• Given data
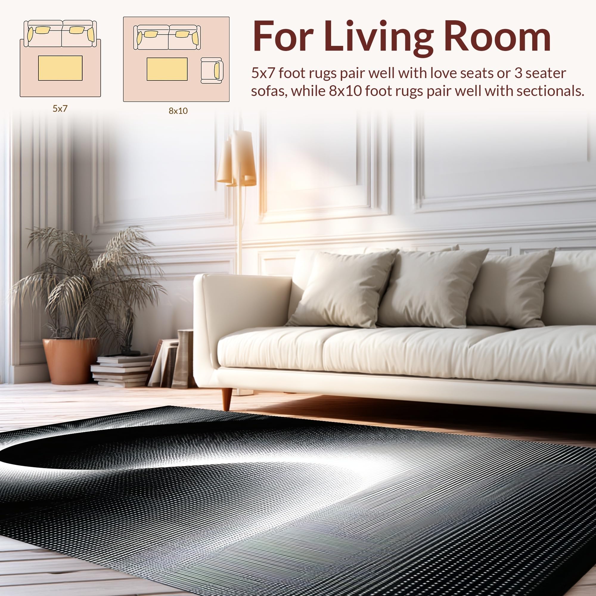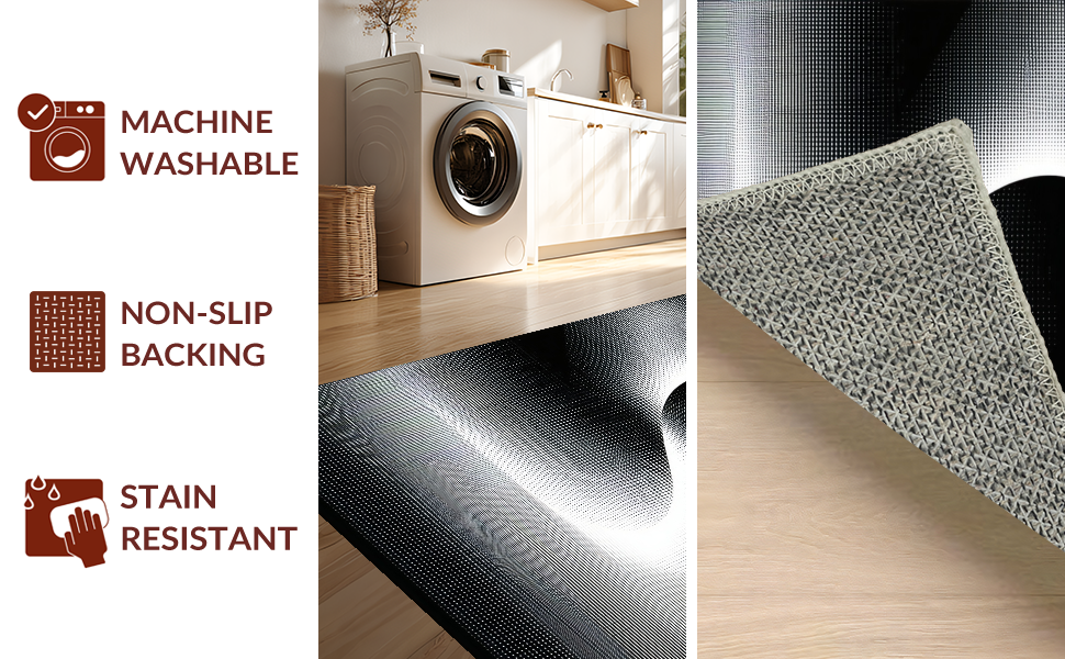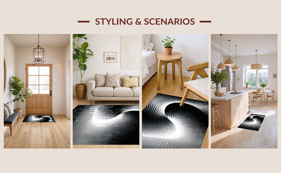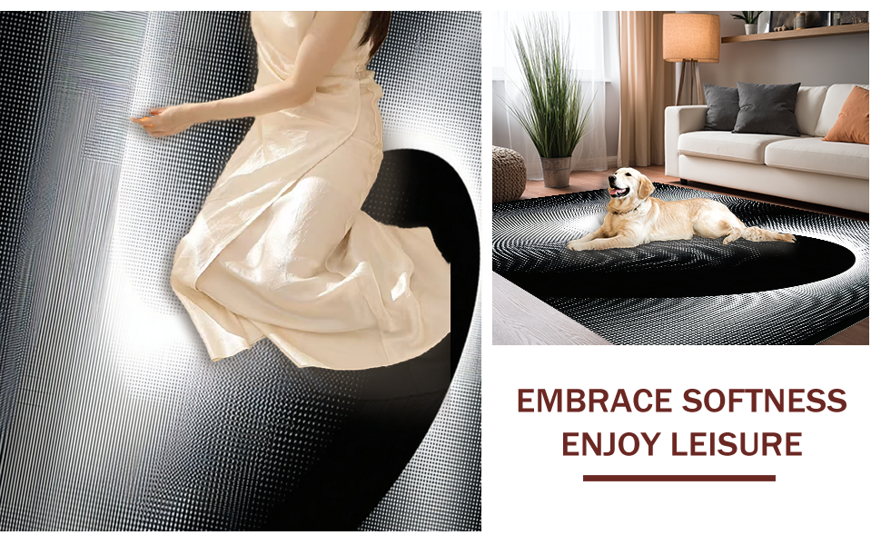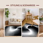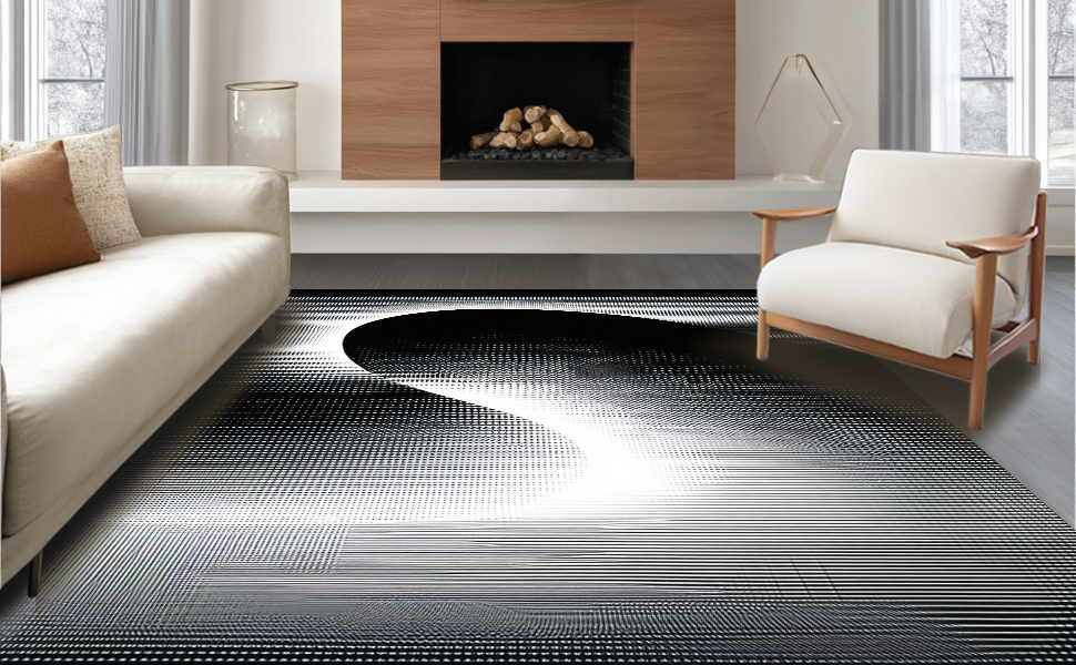 Ultra Soft Area Rug, Non Slip, Stain Resistant, Washable Area Rugs for Living Room, Bedroom, Chic Black and White Vortex Design(Black) Overview:
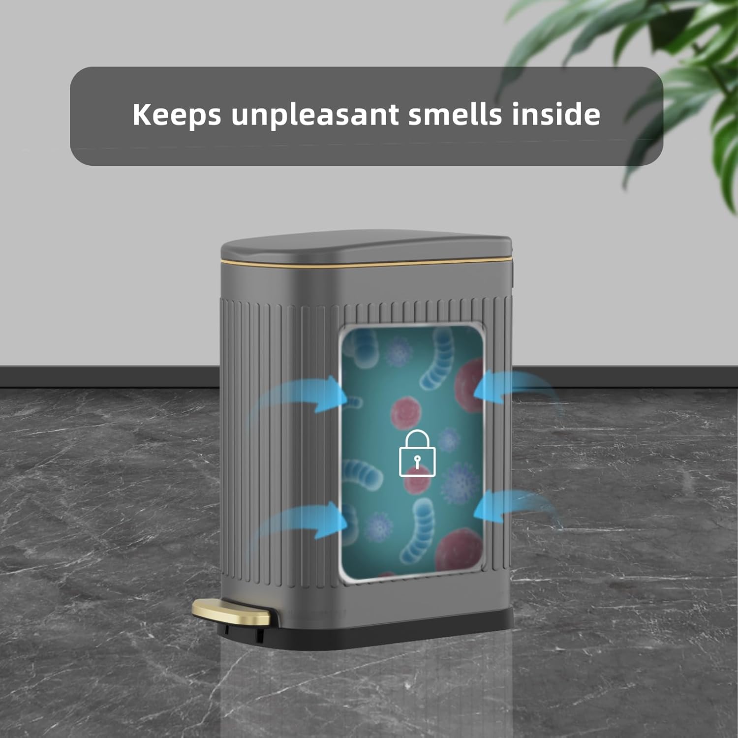 - 【COMPACT DESIGN】This 2.6 gallon step trash can is slim design, only 6.5 inch wide, the rectangular shape is the perfect size for inside cabinets, under counters, under sinks and other small spaces.
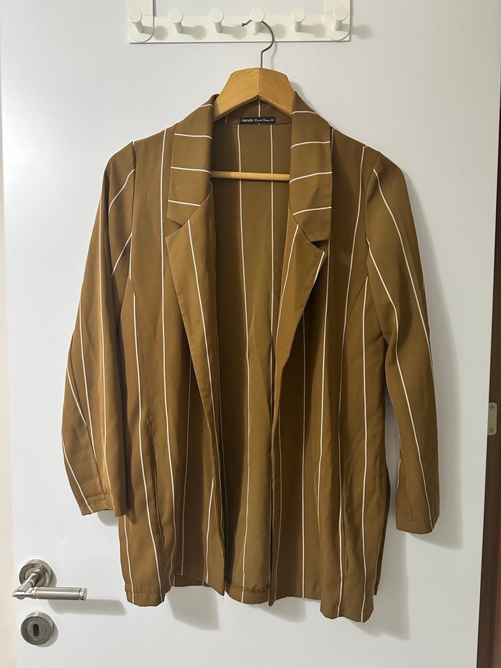 Bej çizgili midi ceket, uzun kollu ve kesik yaka detaylıdır ince kumaştan üretilmiş, ve regular fit modeldir. Hiçbir kusur yoktur. S-M uyumludur
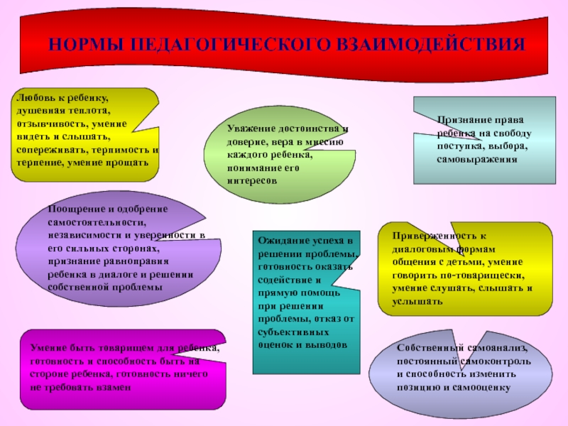 Уважение достоинства и доверие, вера в миссию каждого ребенка, понимание его интересов

• Problem
Each line from the one that holds "Bej çizgili midi" through the final line of the data must be retyped exactly; the pictures must not appear.

• Written reply
 Bej çizgili midi ceket, uzun kollu ve kesik yaka detaylıdır ince kumaştan üretilmiş, ve regular fit modeldir. Hiçbir kusur yoktur. S-M uyumludur
 Уважение достоинства и доверие, вера в миссию каждого ребенка, понимание его интересов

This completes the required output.